Raw data ->
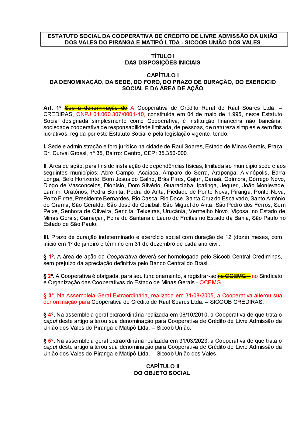 COOPERATIVA DE CRÉDITO DE LIVRE ADMISSÃO DA UNIÃO DOS VALES DO PIRANGA E MATIPÓ LTDA. – SICOOB UNIÃO DOS VALES
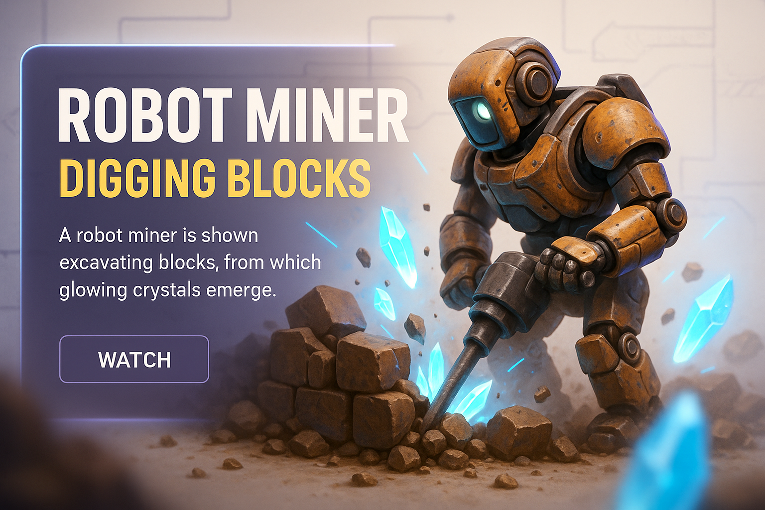 Vibrant 3D illustration depicting a robot miner excavating blocks with glowing crystals emerging, ideal for gaming or tech-related content.
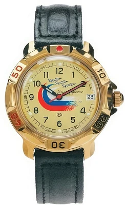 Мужские наручные часы Восток Командирские 819564. Механические с ручным подзаводом. Корпус изготовлен из высококачественной часовой латуни с высокими антикоррозийными свойствами. На стрелки и отметки нанесен светонакопительный состав, благодаря этому считывать информацию с циферблата возможно и в темноте. На циферблате отображается текущее число месяца. Ремешок изготовлен из кожи. Прочное, устойчивое к царапинам минеральное стекло защищает часы от повреждений.Часы являются водонепроницаемыми до 3 Бар. Цвет корпуса: Желтое золото. Цвет циферблата: Золотистый. Ширина (с заводной головкой): 40мм. Толщина: 10мм. Гарантия: 1 год.

Work to complete -> Write out all of the data above exactly, without any of its pictures.

Answer box ->
 COOPERATIVA DE CRÉDITO DE LIVRE ADMISSÃO DA UNIÃO DOS VALES DO PIRANGA E MATIPÓ LTDA. – SICOOB UNIÃO DOS VALES
 Vibrant 3D illustration depicting a robot miner excavating blocks with glowing crystals emerging, ideal for gaming or tech-related content.
 Мужские наручные часы Восток Командирские 819564. Механические с ручным подзаводом. Корпус изготовлен из высококачественной часовой латуни с высокими антикоррозийными свойствами. На стрелки и отметки нанесен светонакопительный состав, благодаря этому считывать информацию с циферблата возможно и в темноте. На циферблате отображается текущее число месяца. Ремешок изготовлен из кожи. Прочное, устойчивое к царапинам минеральное стекло защищает часы от повреждений.Часы являются водонепроницаемыми до 3 Бар. Цвет корпуса: Желтое золото. Цвет циферблата: Золотистый. Ширина (с заводной головкой): 40мм. Толщина: 10мм. Гарантия: 1 год.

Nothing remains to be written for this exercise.